Thanks to @fausp and @mark_nl for the great work in Install Nethserver on CentOS 7 armhf?

Install Pimox 7

Get debian bullseye daily image from https://raspi.debian.net/daily-images/ and flash to SD card:

wget https://raspi.debian.net/daily/raspi_4_bullseye.img.xz
xzcat raspi_4_bullseye.img.xz | dd of=/dev/mmcblk0 bs=64k oflag=dsync status=progress

In my case I used a SATA to USB adapter to use an SSD, I booted with SD card:

xzcat raspi_4_bullseye.img.xz | dd of=/dev/sda bs=64k oflag=dsync status=progress

For Windows you may use Etcher or Raspberry Imager to flash the SD card.

(Re)boot the Pi and login as root - there’s no password

# Enable SSH root login
nano /etc/ssh/sshd_config
add Permitrootlogin yes
systemctl restart sshd

# set root password
passwd

# update system
apt update;apt full-upgrade -y

# install needed packages
apt install git curl screen wget -y

# set interfaces
# I used IP address 192.168.1.30 with gateway 192.168.1.11
# and hostname pimox
echo "auto eth0
iface eth0 inet static
address 192.168.1.30/24
gateway 192.168.1.11" > /etc/network/interfaces.d/eth0

# set hostname and hosts
echo 'pimox' > /etc/hostname
echo '192.168.1.30	pimox' >> /etc/hosts

reboot

Use screen or tmux to make the installation process survive the network reconfiguration.

screen
curl https://raw.githubusercontent.com/pimox/pimox7/master/pimox.sh | sh

Use default settings, just press Enter

The SSH connection will be lost but you can reconnect to SSH session and reattach with screen -d;screen -r` to see the process finishing.
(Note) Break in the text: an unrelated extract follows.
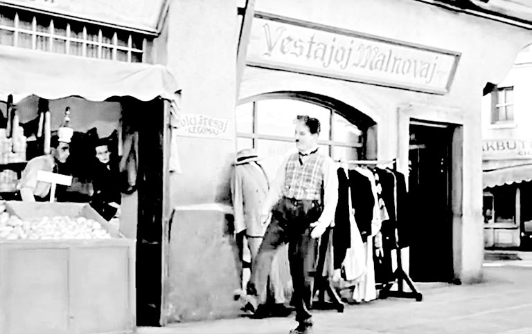 Вывески, написанные на эсперанто (хотя и не совсем правильно), из фильма Чаплина «Великий диктатор»

Install Nethserver armhf VM on the Pimox7

@mark_nl provides a qcow2 image, download and extract it on the pimox:

wget https://github.com/markVnl/nethserver-createimg/releases/download/dev-qemu-efi/Nethserver-7.9.2009-Final-Qemu-Efi-armhfp.qcow2.xz
xz -T 0 -k -d Nethserver-7.9.2009-Final-Qemu-Efi-armhfp.qcow2.xz

Create a new VM (in my case with VM ID 100) in UI and name it, select no media and no firewall.
Detach and remove the hard disk of the VM in the VM Hardware view.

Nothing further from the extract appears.